D’autres personnalités contemporaines à avoir marqué la politique nationale et internationale incluent l’actuelle secrétaire générale adjointe des Nations Unies et ancienne ministre de l’Environnement du Nigéria, Amina J. Mohammed ; Ngozi Okonjo-Iweala, ancienne ministre des Finances et directrice générale de la Banque mondiale entre 2007 et 2011 ; Oby Ezekwesili, ancienne ministre de l’Éducation et coordinatrice de la campagne Bring Back Our Girls (Rendez-nous nos filles) ; et la défunte professeur Dora Akunyili, ancienne ministre de l’Information et de la Communication, qui s’est fait connaître par son rôle de directrice générale de la National Agency for Food and Drugs Administration and Control (NAFDAC), dans le cadre de sa croisade contre les médicaments falsifiés.

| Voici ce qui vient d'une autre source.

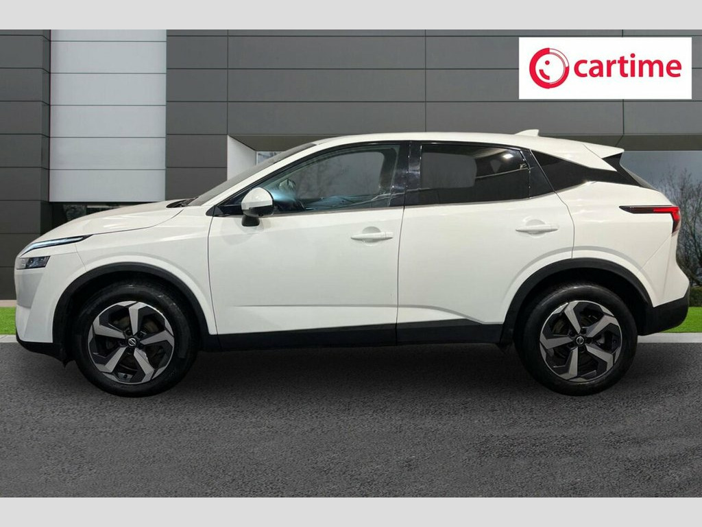 This 2021 Nissan Qashqai DIG-T N Connecta has been cherished by just one owner since new, offering you peace of mind. This Euro 6 compliant model features a 1.3L Petrol Hybrid engine and boasts an MOT valid until July 2026. Inside, you'll find convenient features such as Bluetooth with Audio Streaming, Wireless Apple CarPlay, and Intelligent Auto Headlights. For added safety and ease of use, it includes Blind Spot Warning and Intelligent Key for keyless entry. The Qashqai N Connecta stands out with its impressive acceleration, reaching 0-60mph in just 9.2 seconds, demonstrating its responsive performance. Its low insurance group rating indicates that running costs are kept competitive compared to similar vehicles. Furthermore, the generous boot space ensures practicality for all your needs, making this Nissan Qashqai a well rounded choice. 12v Power Sockets in Dash and Luggage Sp, 18in Alloy Wheels - Diamond Cut, 3 Rear Headrests, 3 x 3-Point Rear Seatbelts, 4 Folding Assist Grip Plus 2 Coat Hooks , 6 Luggage Hooks - 4 floor - 2 Side, 6 Speakers, 60-40 Split Rear Folding Seats, 7in High Definition Full Colour TFT Scre, ABS with EBD and Brake Assist, Active Brake Limited Slip, AM-FM Audio System with DAB, Ambient Lighting Centre Console, Android Auto, Arctic White, Auto Dimming Rear View Mirror, Auto Hold Function, Auto Rear Wiper When Reversing, Automatic Dual Zone Climate Control with, Blind Spot Warning, Bluetooth with Audio Streaming, Body Coloured Handles, Body Coloured Mirror Caps, Body Side Moulding, Capless Fuel Filler

Il y a, en outre, diverses organisations et initiatives qui tentent de remédier au déséquilibre hommes-femmes dans la politique nigériane et d’augmenter le nombre de femmes occupant des rôles décisionnels. Comme le PLAC, mentionné plus haut, qui dirige un projet intitulé «Étendre la participation politique des femmes au Nigéria» , avec le concours de la Fondation Ford. Le PLAC promeut l’inclusion comme indicateur-clé de la bonne gouvernance et signale sur son site internet :

« Depuis la ratification de la Convention sur l’élimination de toutes les formes de discrimination à l’égard des femmes, en 1979, et l’adoption du Programme d’action de Beijing à l’occasion de la quatrième Conférence mondiale sur les femmes, en 1995, des efforts conscients ont été menés pour mettre en avant l’égalité et l’équité en s’attaquant à la question de la participation politique des femmes. »

Une autre organisation, le Legal Defence and Assistance Project (LEDAP), mène un programme similaire ayant vocation à aider des politiciennes expérimentées et accomplies à coacher leurs cadettes. Le LEDAP encourage par ailleurs la participation politique des femmes à l’échelle locale.

Remi Sonaiya, ancienne professeur de l’université Obafemi Awolowo, à Ife, dans l’État d’Osun, était la seule femme candidate aux élections présidentielles de 2015, où elle représentait le parti KOWA. Ardente militante pour la parité hommes-femmes dans la politique nigériane, elle a indiqué dans un entretien avec Equal Times que malgré son appartenance à un parti minoritaire (la politique nigériane étant dominée par le PDP et le All Progressives Congress), elle entend se représenter sur la même liste.
« Je ne tiens pas à rejoindre les rangs d’un parti établi », affirme-t-elle, « je veux renverser les partis établis parce qu’ils ont manqué à leurs promesses. C’est pourquoi je présente ma candidature à la Présidentielles Nigériane en 2019. Je me présente car c’est par conviction que je le fais. On doit défendre ce qui est juste – il ne s’agit pas seulement de gagner ou de perdre. »

Plusieurs autres femmes ont exprimé leur intention de rejoindre la course présidentielle hautement contestée de 2019, contre le titulaire Muhammadu Buhari. Funmilayo Adesanya-Davies entend présenter sa candidature pour le PDP, alors que Eunice Atuejide, 39 ans et mère de cinq enfants, a annoncé qu’elle représenterait le parti qu’elle a inauguré l’année dernière, le National Interest Party.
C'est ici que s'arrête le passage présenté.